Il grado di elaborazione dei contenuti, per le ragioni già dette, non è quello massimo. La
struttura espositiva del tema ricalca quella del manuale e fatica a riorganizzare i contenuti in
un’argomentazione originale e sintetica. Manca un po’ la rielaborazione personale delle nozioni,
per quanto ben assimilate e opportunamente riferite. Non è chiaro, per esempio, il passaggio dalla
D.O.E. all’elenco delle dicotomie dei sistemi scolastici, il cui ruolo non è commentato; inoltre,
l’esposizione delle critiche alla scuola non è inserita in un’argomentazione personale.

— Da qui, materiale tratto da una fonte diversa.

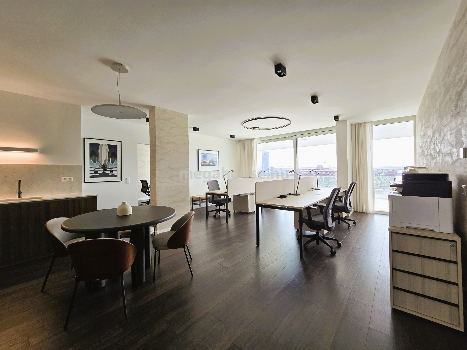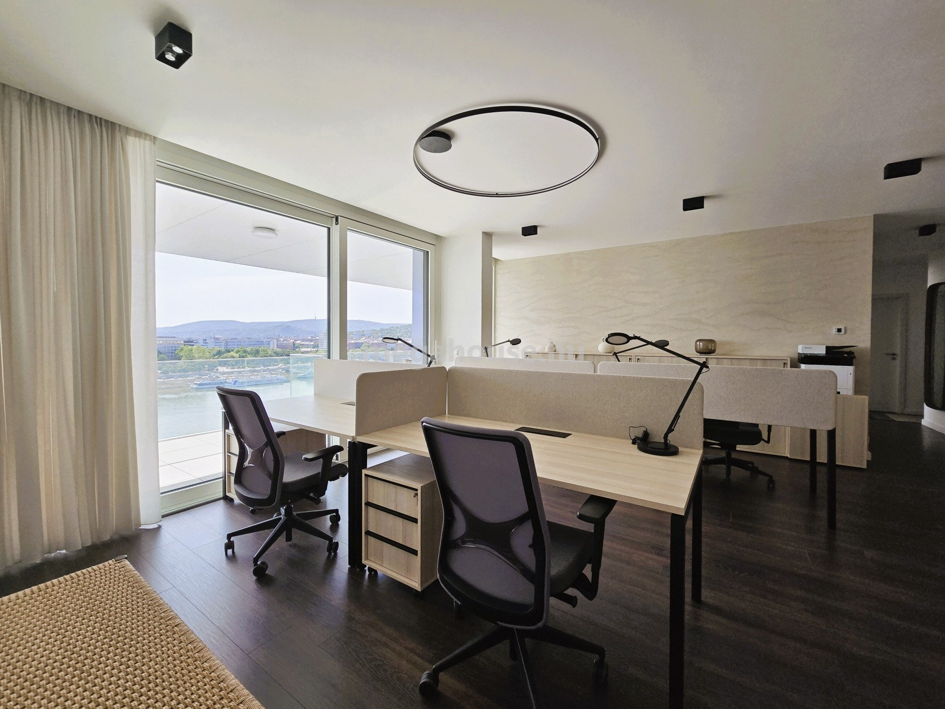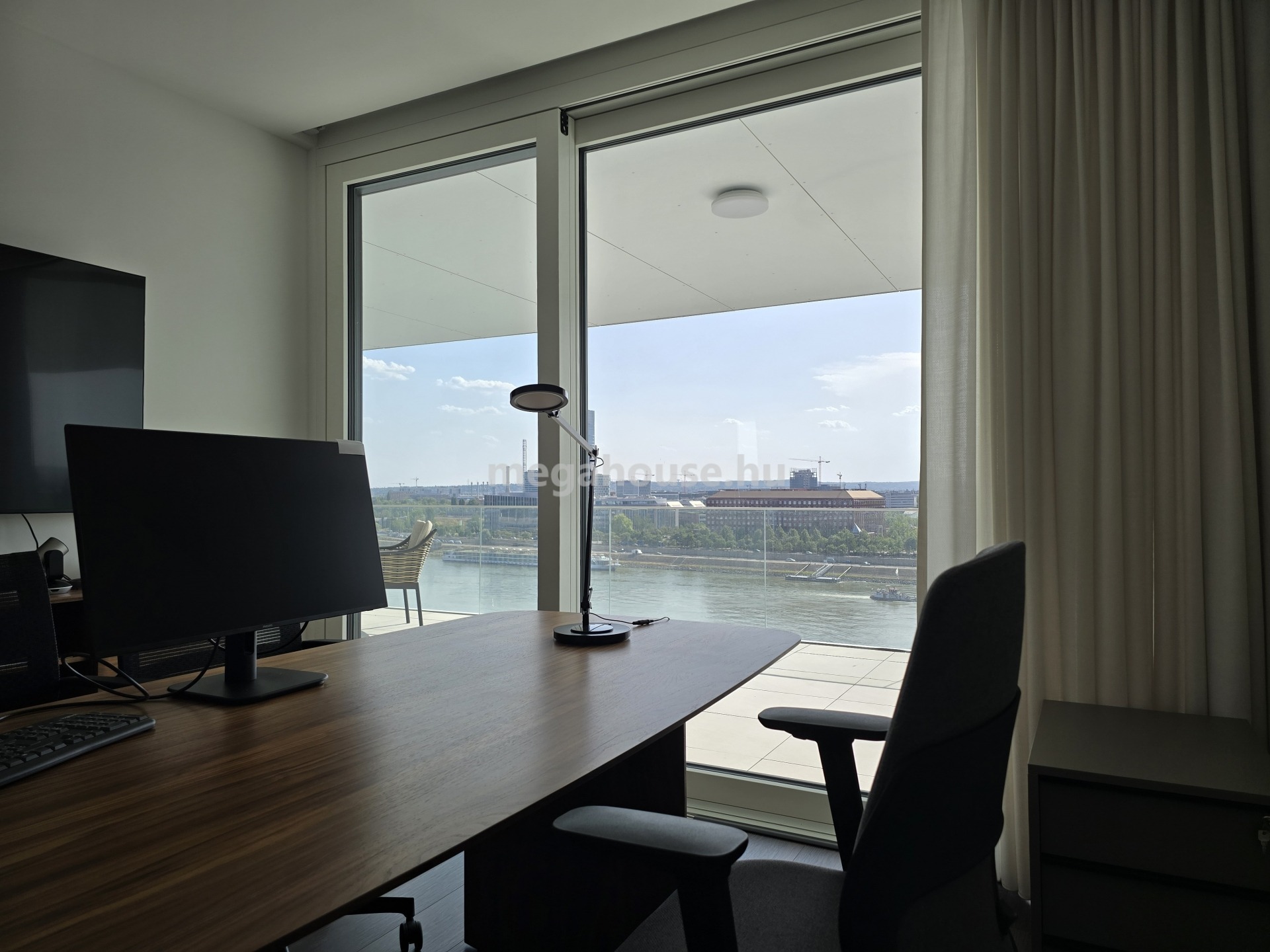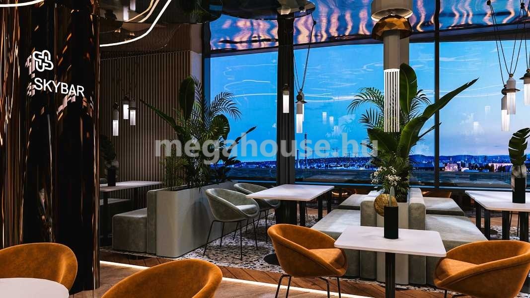 A LIFTES épület 10. emeleten található, nyugati tájolású, természetes fényben úszó lakás előteréből nyílik jobb kéz felől egy tágas fürdőszoba walk-in zuhanykabinnal, bal kéz felől a folyosón a vendég WC kapott helyet. A lakás jelenleg irodaként funkcionál, berendezése is ennek megfelelő. A bejárattal szemben található a vezetői iroda, mellette egy másik szoba helyezkedik el. A lakás központi részén az amerikai konyhás – nappali tér található, amelynek prémium minőségű konyhája MIELE gépekkel felszerelt. A nappaliból nyíló tárgyaló mellett külön helyiségben található a kádas és zuhanyzós fürdőszoba és a mellékhelyiség. A csodaszép dunai panorámával rendelkező terasz szervesen kapcsolódik az ingatlanhoz, gyakorlatilag minden szoba teraszkapcsolatos.

La correttezza lessicale, morfosintattica e ortografica è abbastanza buona, ma non mancano
alcuni errori che si potevano evitare. Ha usato alcuni termini specifici delle scienze umane, anche
se ne ha tralasciati altri che potevano essere opportunamente riferiti; inoltre, si è lasciato sfuggire
qualche verbo coniugato nel modo sbagliato o qualche improprietà lessicale. Rimanendo troppo
aderente al manuale, ha anche trascurato i connettivi testuali in qualche passaggio e ha lasciato
diverse ripetizioni, come se stesse riferendo uno schema studiato a memoria. C’è anche un piccolo
errore ortografico. Nell’insieme, il testo risulta scorrevole, anche se non particolarmente elegante.
Commento alle risposte ai quesiti
Dobbiamo osservare, anzitutto, che lo studente ha scelto di rispondere ai tre quesiti che non si
riferivano all’argomento del tema. Senza dubbio, questa scelta dimostra che la sua conoscenza
degli argomenti è vasta. Le risposte sono tutte chiare, pertinenti (= pertinenza della risposta),
esaurienti, pur nella brevità, e ricche di riferimenti, anche non presenti nei manuali (= conoscenze
specifiche) abbastanza organiche (= grado di organicità dei contenuti) e nell’insieme corrette
(= correttezza lessicale, morfosintattica e ortografica).
Per i quesiti potrebbe anche ricevere la valutazione massima.